Labour's shadow secretary for women and equalities Dawn Butler said it was a "shocking but sadly all too familiar story".
"What is it about powerful men feeling entitled to harass women? Boris Johnson has serious questions to answer," she tweeted.
Health Secretary Matt Hancock played down the report saying there were "always lots of other stories in papers".
Speaking at a Tory party fringe event in Manchester hosted by HuffPostUK, he said: "Boris has never lectured other people about their private lives.
"I think that we should concentrate on delivering on what we are in politics for, which in my view is to serve the citizens of this country."
Female Conservative MPs have defended the Prime Minister over attacks on his character with one MP calling him a "feminist" at the party conference.
Rachel Maclean, Tory MP for Redditch, Worcestershire (below), said: "I absolutely judge the PM to be a feminist, if you look at his record and what he’s done for women.
"The original feminists talked about ‘deeds, not words’.And on that basis, I absolutely judge the Prime Minister to be a feminist."
Flick Drummond, a former MP who lost her seat in 2017, said everyone was "out to get him", adding: "He’s out on the street and he’s like the Pied Piper, people follow him right down the street and they all want to meet him and shake his hand."
And a conference fringe event in Manchester, former defence secretary Penny Mordaunt said he was a "decent person" who "cares a great deal about women and girls", although he "occasionally has the style of Frank Spencer in a china shop".
It came as Mr Johnson was forced to deny any improper relationship with US businesswoman Jennifer Arcuri while he was London mayor.
And he later said he had "no interest to declare" regarding links with the US businesswoman, who it is alleged joined trade missions led by Mr Johnson when he was mayor of London and that her company received several thousand pounds in sponsorship grants.

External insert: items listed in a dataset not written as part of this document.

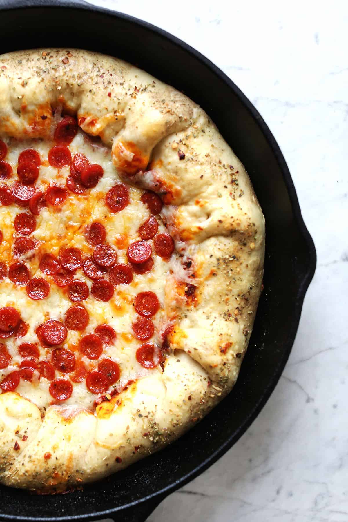 Have you ever tried making pizza in a cast iron pan? It’s awesome, and you should try it. This stuffed crust cast iron pan pizza recipe is extra special but I promise it’s also very easy to make.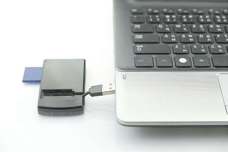 Laptop with Loaded Card Reader,isolated on white background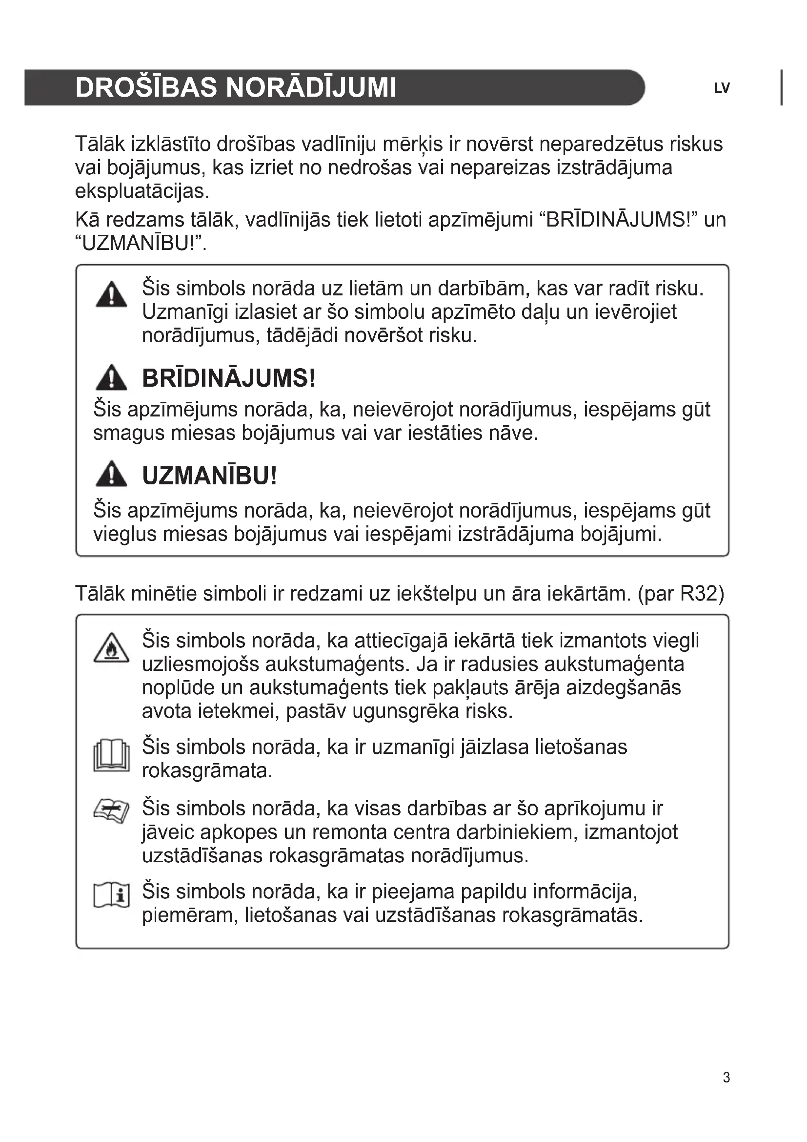 Tālāk izklāstīto drošības vadlīniju mērķis ir novērst neparedzētus riskus vai bojājumus, kas izriet no nedrošas vai nepareizas izstrādājuma ekspluatācijas. Kā redzams tālāk, vadlīnijās tiek lietoti apzīmējumi “BRĪDINĀJUMS!” un “UZMANĪBU!”. Šis simbols norāda uz lietām un darbībām, kas var radīt risku. Uzmanīgi izlasiet ar šo simbolu apzīmēto daļu un ievērojiet norādījumus, tādējādi novēršot risku. BRĪDINĀJUMS! Šis apzīmējums norāda, ka, neievērojot norādījumus, iespējams gūt smagus miesas bojājumus vai var iestāties nāve. UZMANĪBU! Šis apzīmējums norāda, ka, neievērojot norādījumus, iespējams gūt vieglus miesas bojājumus vai iespējami izstrādājuma bojājumi. Tālāk minētie simboli ir redzami uz iekštelpu un āra iekārtām. (par R32) Šis simbols norāda, ka attiecīgajā iekārtā tiek izmantots viegli uzliesmojošs aukstumaģents. Ja ir radusies aukstumaģenta noplūde un aukstumaģents tiek pakļauts ārēja aizdegšanās avota ietekmei, pastāv ugunsgrēka risks. Šis simbols norāda, ka ir uzmanīgi jāizlasa lietošanas rokasgrāmata. Šis simbols norāda, ka visas darbības ar šo aprīkojumu ir jāveic apkopes un remonta centra darbiniekiem, izmantojot uzstādīšanas rokasgrāmatas norādījumus. Šis simbols norāda, ka ir pieejama papildu informācija, piemēram, lietošanas vai uzstādīšanas rokasgrāmatās.4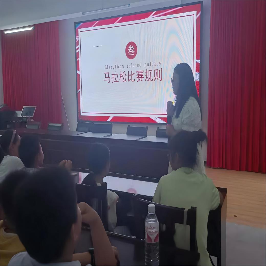 志愿者張文雋面對一群可愛的小孩子,熱情地講解馬拉松知識。通過馬拉松的起源、發展、精神內涵、著名馬拉松賽事以及著名的馬拉松運動員為孩子們普及馬拉松相關的知識。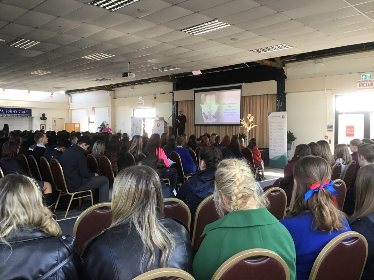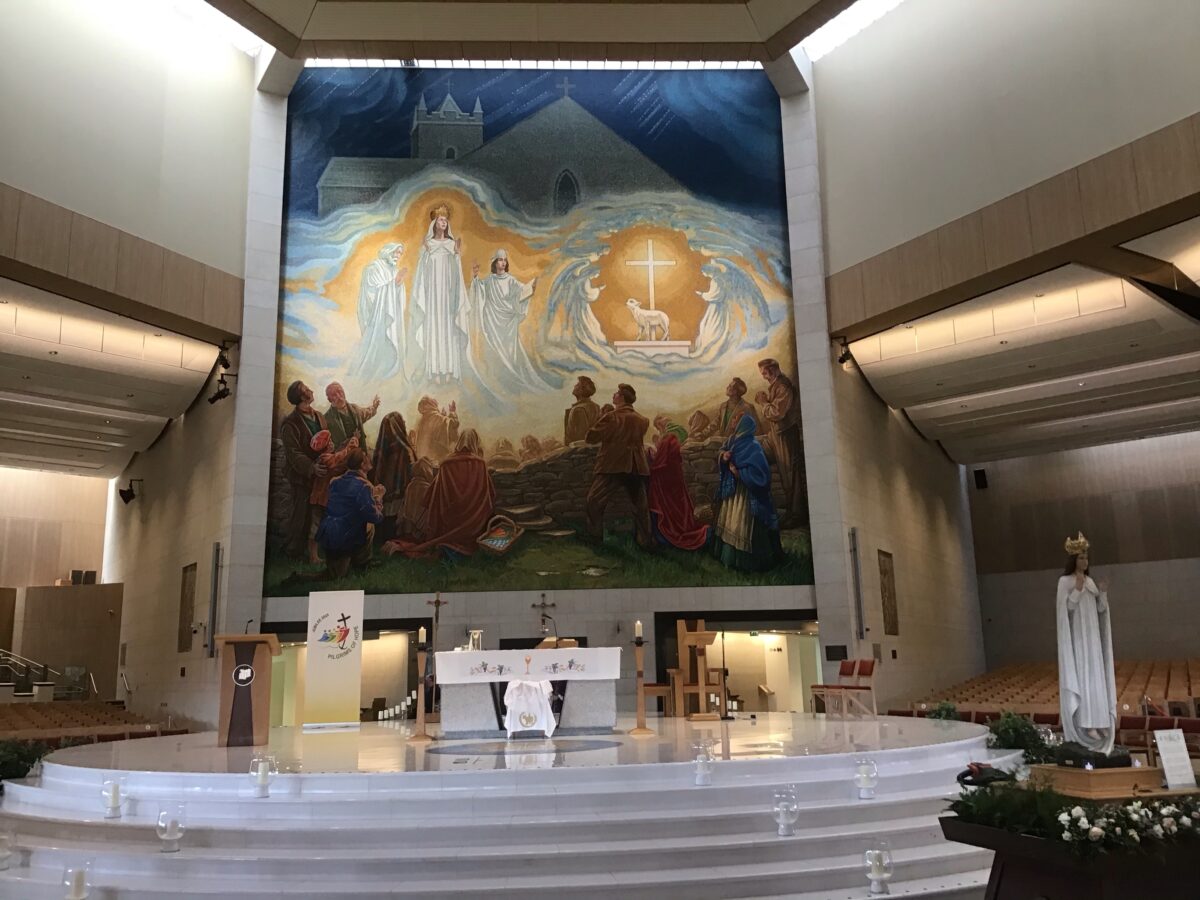 The day began with a short talk regarding gratitude, kindness and a reflection on those who inspire us and why. We had a fun sing along as a community of Le Cheile schools and we were all asked, regardless of our faith to take part in some prayers and reflection periods. I found the first talk very interesting and also rather meaningful. This man told us about his dog who meant a lot to him and also inspired him. This dog eventually got cancer and passed away not long after but because of this the owner decided to form an organisation for other dog owners in his local and national community. It may seem confusing to why this was brought up, however I found it truly heartwarming. At this point he asked us certain questions and allowed us the time to discuss with the other students from different schools around us. While it was at first difficult to talk to others I didn’t know, I was able to discuss and talk with people from all parts of Ireland and even different countries. This was really interesting and also was a learning experience for me. Not long after this talk, and introduction was presented to us regarding the day ahead and the activities we would take part in. Each of us had a name tag with a particular colour, which would later be used to separate us into groups along with the other students. I had the colour red, and the first activity I took part in was a talk about the history of Knock and the apparition. However, before all these activities took place we all gathered in the basillica for a short mass to reflect on this occassion.

The police watchdog are currently investigating whether a crime was committed.
READ MORE: Call in Scotland Yard if Johnson fails to co-operate with 'conflict of interest' probes, says MP
Mr Johnson has made a series of controversial comments about women and has been branded "sexist" in the House of Commons.
He is quoted as saying in the 2010 general election: "Voting Tory will cause your wife to have bigger breasts and increase your chances of owning a BMW M3."

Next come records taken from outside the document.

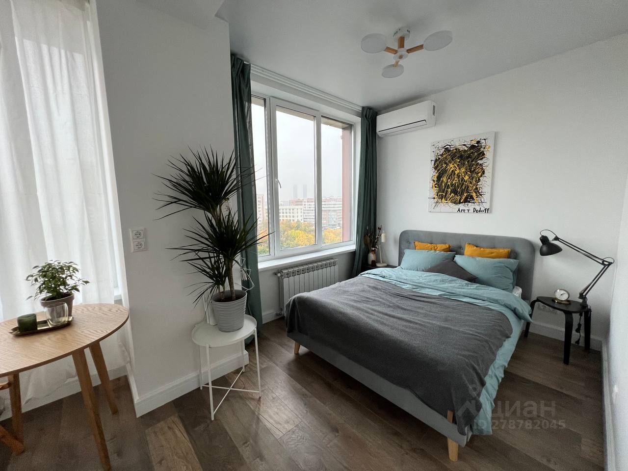 Из мебели: кровать с подъемным механизмом, шкаф, тумба, кухонный стол + стулья, прикроватная тумба, рабочие лампы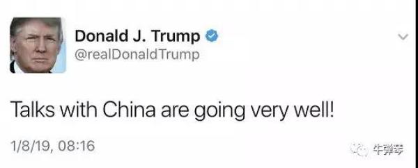另一个细节,也很有意思。北京时间8日晚上,就在各方焦急等待谈判进展之时,那边是华盛顿时间8日凌晨,特朗普突然发了一条推特,很简短,只有七个单词,翻译过来就是: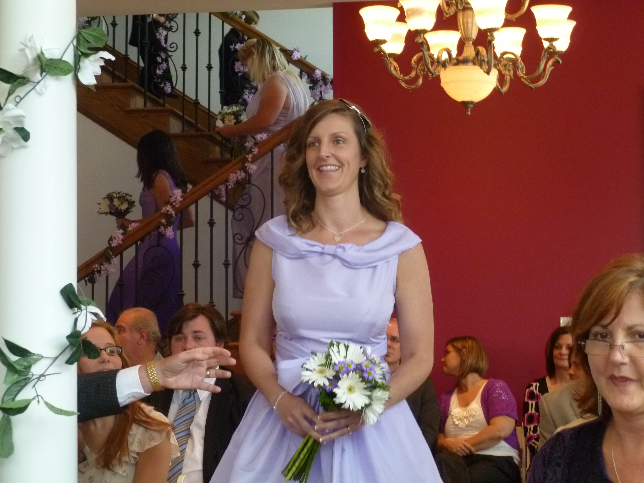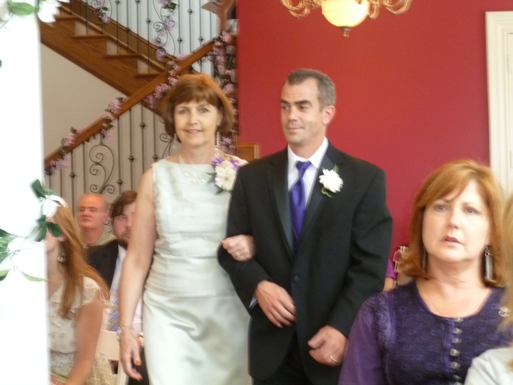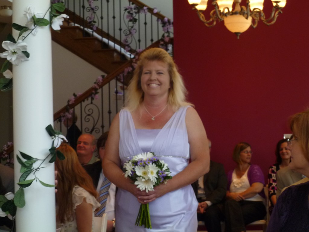 And my Uncle Bill, a professional opera singer from San Fran sang out “The Call”, and others who traveled from outside the area like, Fred and Rita from MA, Robbie from FL, Kendal from GA, Sharon from Wilmington, the Welts, and others. It was an honor to have my two video camera ops (Sheila & Laura) as two people I’ve known since the mid-90s. And to have a producer from the 700 Club, Cheryl Wilcox, who met me after reading Never the Bride and doing an interview with me for the book release, take care of all of our flowers for us. She felt like God told her to do that back in June 2009 whenever I finally got married. She did a fabulous job! My sister’s sister-in-law, Cherrie, opened her home to a few of my travelers, which was abundantly helpful! And it was great that my brother-in-law, Chris, got to be a groomsman. That meant the entire Gebbia family was in the wedding party. We had so much help and love surrounding us to pull this off!

During the London Olympics in 2012, when he was serving mayor of London, he wrote: "There are semi-naked women playing beach volleyball in the middle of the Horse Guards Parade immortalised by Canaletto.
"They are glistening like wet otters and the water is plashing off the brims of the spectators' sou'westers. The whole thing is magnificent and bonkers."
He apologised last year after referring to the shadow foreign secretary, Emily Thornberry, as “Lady Nugee”. The Speaker of the House of Commons said the references, in relation to Thornberry’s husband, Sir Christopher Nugee, were sexist and inappropriate.
In a farewell piece in the Spectator from 2005, marking his departure as editor, Johnson offered the following advice to his successor.
"Once the fire is going well, you may find your eyes drifting to the lovely striped chesterfield across the room. Is it the right size, you wonder, for a snooze. . . ?" he wrote. "You come round in a panic, to find a lustrous pair of black eyes staring down at you.
"Relax. It’s only Kimberly, with some helpful suggestions for boosting circulation. Just pat her on the bottom and send her on her way. Whatever you do, don’t get depressed if she starts saying ‘noos-stand is sawft this week, Booriss’ (she is American) or that she doesn’t like your cover.
"That’s her job, and if you put your back into yours you’ll find that news-stand has a way of gently recovering. "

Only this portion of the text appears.